WEB Advent 2011 / Cracks in the Foundation

PHP has been around for a long time, and it’s starting to show its age. From top to bottom, the language has creaky joints. I’ve decided to take a look at how things got to this point, and what can be (and is being) done about it. I start out pretty gloomy, but bear with me; I promise it gets better.

In the Beginning, There Was Apache and CGI

And there was much rejoicing.

In 1994, Rasmus Lerdorf created the “Personal Home Page Tools,” a set of CGI binaries written in C. These tools looked little-to-nothing like the PHP we know today. Embedded in HTML comments, and using a syntax bearing no resemblance to C, they still contribute one critical principle to modern PHP; it just worked.

PHP is a language of convenience. It was built with the idea that anyone could toss together a few lines of code and have a working CGI script, without having to worry about the server interface, the cryptic syntax of Perl, or the pitfalls of C. It’s a great idea, in theory, and for the most part, it’s worked very well in practice.

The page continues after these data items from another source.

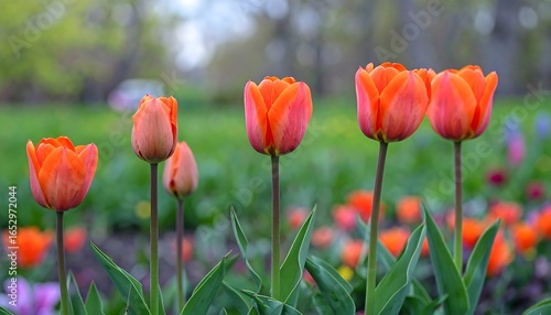 © Bagas, Fototapeta premium Orange tulips in spring garden
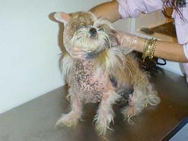 | Adopted this is melony as you can see she is in VERY BAD SHAPE, this is the worst, nastiest, most discussing, I cant even begin to tell you what I really want to say. Anyone who lets an animal get to this point should be in jail. |
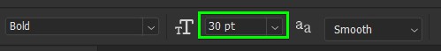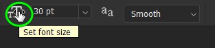 To start, highlight the text you wish to resize and ensure the Type Tool (T) is active. Then, in the Options Bar, go to the font size option. You can adjust the size here in a couple of different ways.

Unfortunately, nothing’s perfect — PHP included. Over time, PHP has suffered everything from security failures to bad design decisions. Some of these problems were avoidable, but others weren’t.

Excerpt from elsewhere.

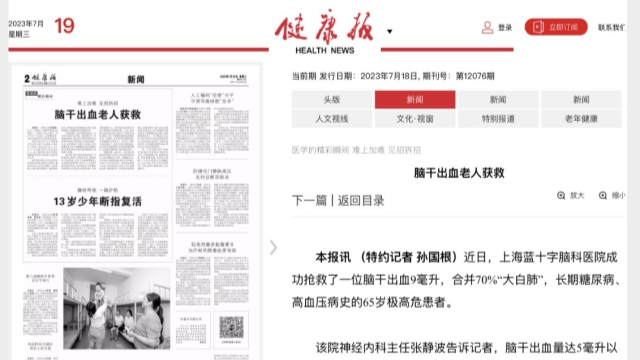 今日頭條:創造生命奇跡,一腦干出血9毫升的極高危患者在滬獲救

Backward Compatibility Is a Female Dog

Backward Compatibility (or BC) is the bane of every library and app writer in existence. It stifles improvements, holds back innovation, promotes unsafe practices, frustrates users, and slows development. PHP, being a language intended for beginners, suffers from it even more than most.

When BC is broken, apps break. Operating system vendors who shipped the new and improved version of PHP tend to come under fire for having a broken system, even though they did nothing wrong. More often, the writers of the apps are vilified for not providing working software, despite having done nothing but follow the manual.

Sometimes, the source of the problem is correctly identified, and the PHP developers are berated for trying to make a better language. No matter who takes the blame, though, one thing remains constant; users rarely understand anything other than “it’s broken!” They don’t care whether the new version is better. The old one worked. They want it to keep working. It’s a reasonable expectation.

Unfortunately, with a programming language, it’s often impossible to meet that expectation without sacrificing features, safety, or speed — usually more than one of these.

PHP 4.4 was released to fix a bug that caused memory corruption when references were misued. The fix changed the internal API, forcing every extension module to be rebuilt. Unfortunately, rebuilding extensions can be an arduous process in some environments. Some extensions don’t come with source code. Others are ancient, and code that managed to struggle along finally stops compiling cleanly. Vendors (such as those who provide various flavors of Linux) who ship packages have to rebuild and test not only PHP itself, but also every extension they ship before pushing to their repositories.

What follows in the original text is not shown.